Globally, water demand is rising and resources are diminishing. In the context of climate change and a growing world population, a further increase in water scarcity seems inevitable. Aiming towards a sustainable future, water should be used as efficient as possible by minimizing water losses, which can be higher than 50% in some drinking water networks.3 To minimize losses it is crucial to detect, localize and repair leaks as soon as possible.

Leaks cause changes in flow and pressure. By monitoring the network with pressure and flow sensors and coupling these measurements with hydraulic computer models, leaks can be detected and located. The success of this so-called model-based leak localization depends heavily on our knowledge of water demand, since every water consumption affects the pressure and flow in the network as well. Nowadays, demand is modelled based on water billing information and the network’s inflow. This study proposes a new strategy by modelling stochastic demands. Realistic residential demands are generated in high spatial and temporal resolution based on Dutch water use statistics with SIMDEUM4. Subsequently, the stochastic demands are used within hydraulic simulations. The influence of demand fluctuations on pressure in the system is analyzed using Monte-Carlo sampling and the corresponding effects on model-based leak detection and localization are investigated.

The proposed method is applied on a real Dutch water distribution network, containing inflow and six pressure measurements. Statistical information like the number of residents, households and annual billing information in the area is known. The corresponding hydraulic model is calibrated on pipe roughness by minimizing the mean squared error of the modelled and measured pressure at the sensor locations. Pressure driven simulations are performed and the resulting pressure changes at the sensors are simulated. Through the stochastic simulations in combination with Monte-Carlo sampling, confidence intervals for pressure changes at the sensor locations are determined and compared with the real measurements. The performance of leak detectability and localization is subsequently examined.  

This study shows that stochastic water demand simulations provide a better understanding on the reliability of model-based leak localization. By using these simulations, confidence intervals of demand related pressure changes at the sensor locations can be determined which affect the performance of leak detectability and localization under the variability of water demand. A better grip on the reliability of leak localization yields in a more efficient quest for leaks.

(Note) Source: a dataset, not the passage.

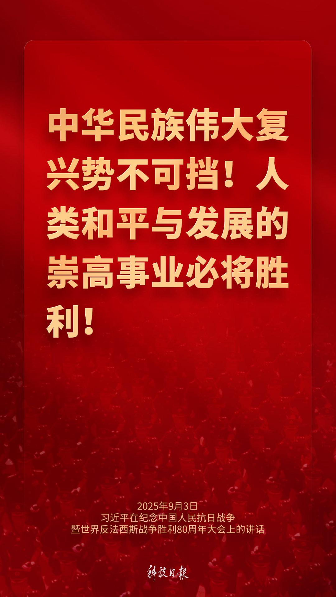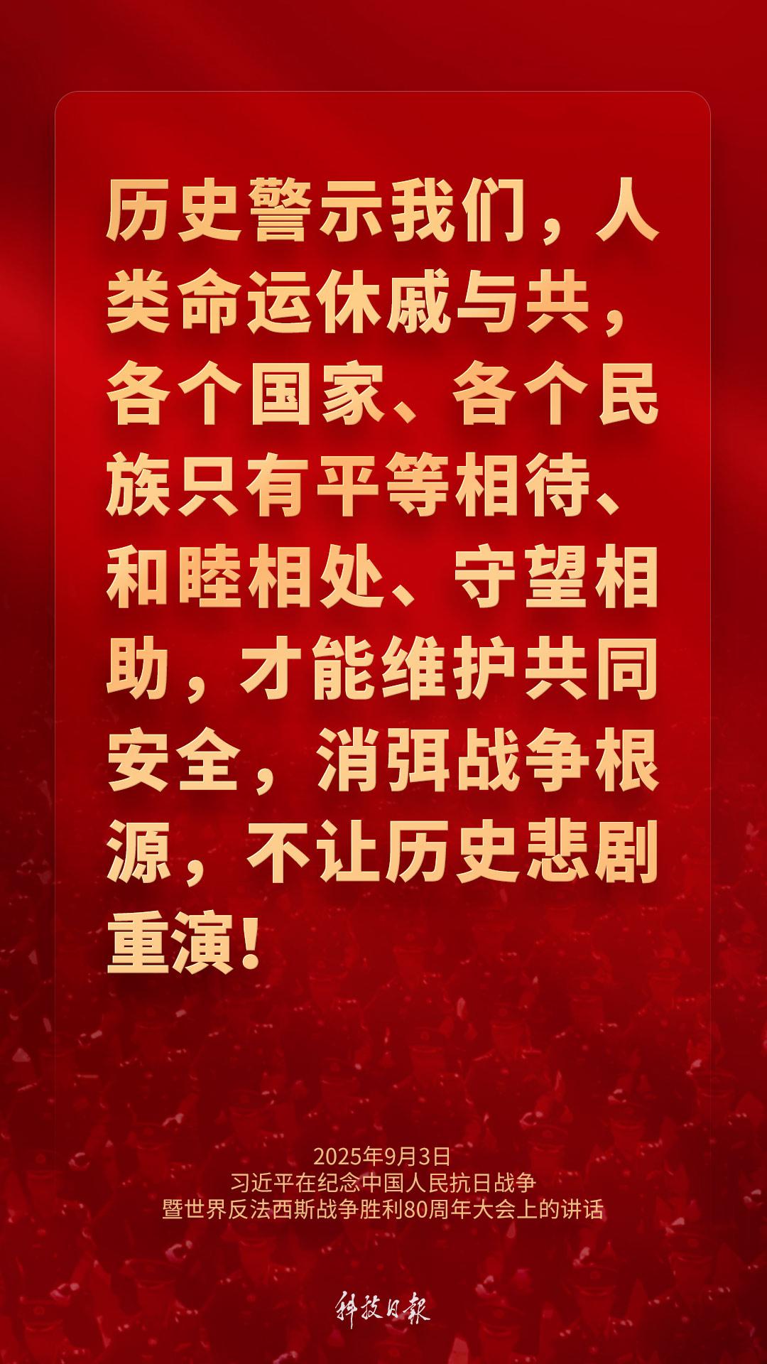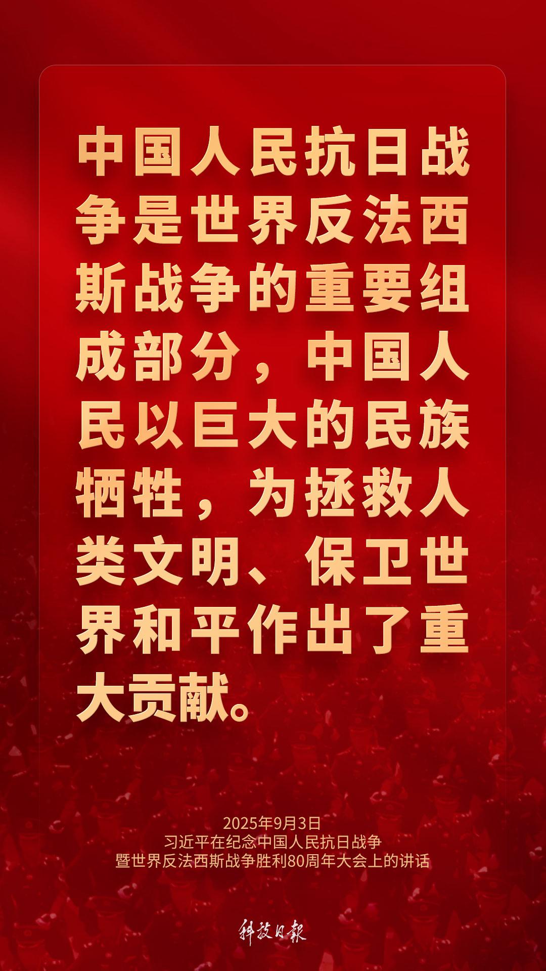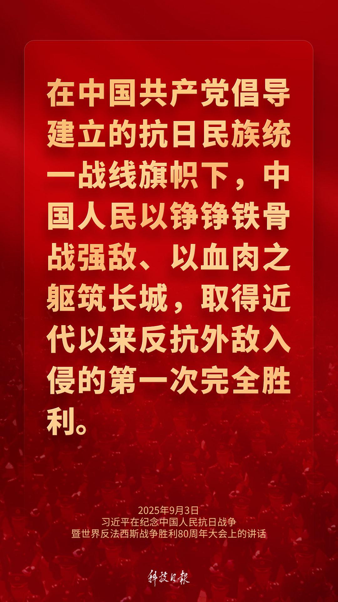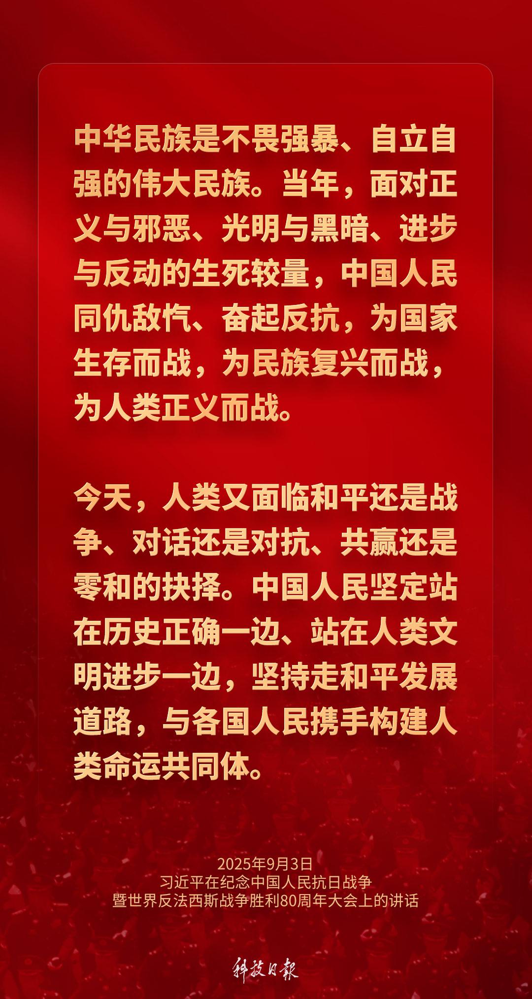 9月3日上午,纪念中国人民抗日战争暨世界反法西斯战争胜利80周年大会在北京天安门广场隆重举行。中共中央总书记、国家主席、中央军委主席习近平发表重要讲话强调——

3EurEau 2017, Europe’s water in figures, an overview of European drinking water and waste water sectors, The European Federation of National Associations of Water Services

4Blokker, E. J. M. (2010), Stochastic water demand modelling for a better understanding of hydraulics in water distribution networks, PhD thesis, Delft University of Technology


How to cite: van Steen, J., Steffelbauer, D., Balkema, S., van der Hoek, J. P., and Abraham, E.: Fantastic leaks and where to find them, EGU General Assembly 2020, Online, 4–8 May 2020, EGU2020-8305,, 2020.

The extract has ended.